**What needs to be done**
Copy out the data word for word, without any of its pictures.

**Records contained in a dataset**
----
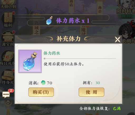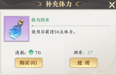 第二种则是使用体力药水进行补充,这种方法相较于自然恢复会更有效率,每瓶药水可以补充50点体力,这些体力足够帮你多闯十次关卡了,不过需要注意的是体力药水的获取是需要消耗源晶的,每瓶的价格为70源晶,并且每天还有限购次数。
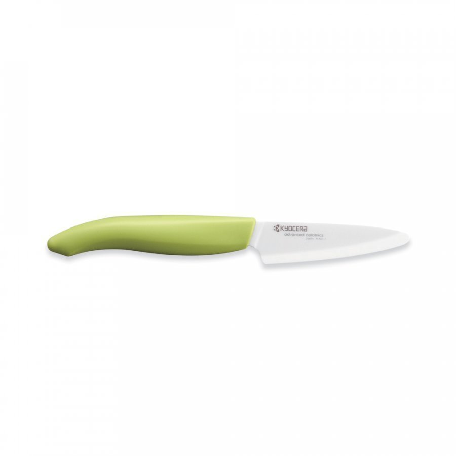 FK merkiltä Kyocera on sarja ergonomisia veitsiä erivärisillä kahvoilla ja korkealaatuisella valkoisella terällä, joka sopii jokaiseen keittiöön. Täydellisiä leikkaamaan hedelmiä, vihanneksia ja lihaa. Veitsillä on fantastinen terävyys ja ne kestävät paljon kauemmin kuin perinteiset terästerät. Pieni keraaminen kuorimaveitsi valkoisella terällä ja punaisella muovikahvalla. Veitsen terä valmistetaan kokoonpuristetusta keramiikasta – maailman kovinta materiaalia timantin jälkeen. Veitsi on kevyt, ei ruostu ja kestää happoja. Vältä vain kovia äyriäisiä, luita ja pakasteita. Konepesunkestävä. Terän pituus 7,5 cm.
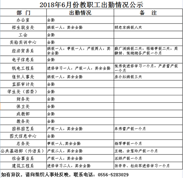 根据学院文件规定,经各部门提交的教职工考勤表,组织人事处统一汇总,现就2018年6月份教职工出勤情况公示如下:
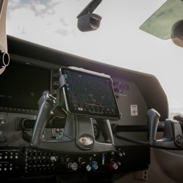 This ideal airplane yoke mount is designed specifically to hold an Apple iPad mini (A17 Pro) & mini 6, and consists of a yoke clamp base, B size medium length double socket arm and round 2.5″ base that contains the universal AMPS hole pattern to attach the holder. The yoke clamp base will fit rails in diameter from 0.625″ to a maximum of 1.25″. The 1″ rubber ball is at a right angle to the plane of the mount; when connected to a rail, the ball sits parallel to the rail. The mount is designed with a RAM 1″ diameter patented rubber ball and socket system that has adjustment points at both ends of the double socket arm, allowing for almost infinite adjustment and perfect viewing angles.
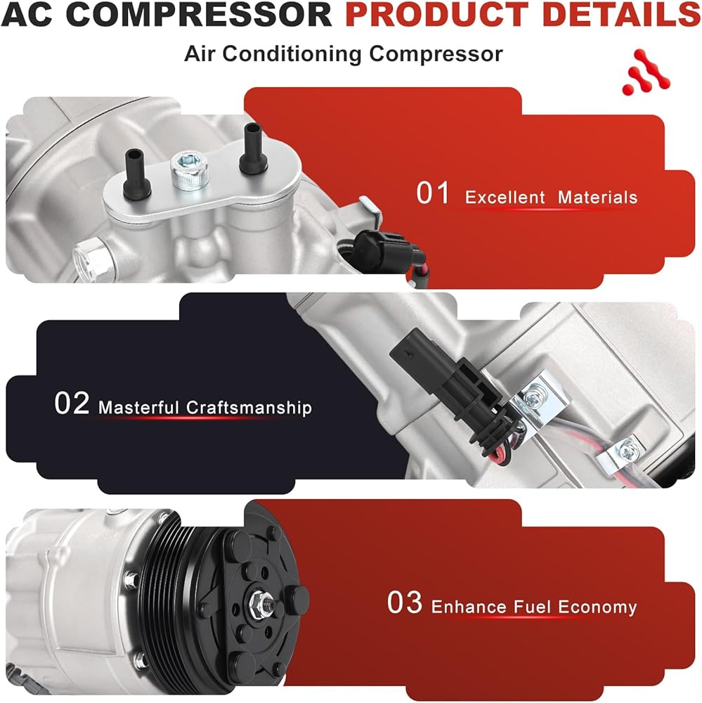 【VEHICLE FITMENT】-- This precise AC compressor is engineered exclusively for Buick Enclave (2013‑2022) with 3.6L V6 engine; for Chevrolet Traverse (2013‑2022 with 3.6L V6; 2018‑2019 with 2.0L L4); for Cadillac XTS (2013‑2019) with 3.6L V6; and for GMC Acadia (2013‑2017 & 2017 Limited with 3.6L V6; 2017 with 2.5L L4). It guarantees a direct, bolt‑on replacement, making this compressor the exact fit your vehicle requires for a hassle‑free installation.
----
**Answer**
 第二种则是使用体力药水进行补充,这种方法相较于自然恢复会更有效率,每瓶药水可以补充50点体力,这些体力足够帮你多闯十次关卡了,不过需要注意的是体力药水的获取是需要消耗源晶的,每瓶的价格为70源晶,并且每天还有限购次数。
 FK merkiltä Kyocera on sarja ergonomisia veitsiä erivärisillä kahvoilla ja korkealaatuisella valkoisella terällä, joka sopii jokaiseen keittiöön. Täydellisiä leikkaamaan hedelmiä, vihanneksia ja lihaa. Veitsillä on fantastinen terävyys ja ne kestävät paljon kauemmin kuin perinteiset terästerät. Pieni keraaminen kuorimaveitsi valkoisella terällä ja punaisella muovikahvalla. Veitsen terä valmistetaan kokoonpuristetusta keramiikasta – maailman kovinta materiaalia timantin jälkeen. Veitsi on kevyt, ei ruostu ja kestää happoja. Vältä vain kovia äyriäisiä, luita ja pakasteita. Konepesunkestävä. Terän pituus 7,5 cm.
 根据学院文件规定,经各部门提交的教职工考勤表,组织人事处统一汇总,现就2018年6月份教职工出勤情况公示如下:
 This ideal airplane yoke mount is designed specifically to hold an Apple iPad mini (A17 Pro) & mini 6, and consists of a yoke clamp base, B size medium length double socket arm and round 2.5″ base that contains the universal AMPS hole pattern to attach the holder. The yoke clamp base will fit rails in diameter from 0.625″ to a maximum of 1.25″. The 1″ rubber ball is at a right angle to the plane of the mount; when connected to a rail, the ball sits parallel to the rail. The mount is designed with a RAM 1″ diameter patented rubber ball and socket system that has adjustment points at both ends of the double socket arm, allowing for almost infinite adjustment and perfect viewing angles.
 【VEHICLE FITMENT】-- This precise AC compressor is engineered exclusively for Buick Enclave (2013‑2022) with 3.6L V6 engine; for Chevrolet Traverse (2013‑2022 with 3.6L V6; 2018‑2019 with 2.0L L4); for Cadillac XTS (2013‑2019) with 3.6L V6; and for GMC Acadia (2013‑2017 & 2017 Limited with 3.6L V6; 2017 with 2.5L L4). It guarantees a direct, bolt‑on replacement, making this compressor the exact fit your vehicle requires for a hassle‑free installation.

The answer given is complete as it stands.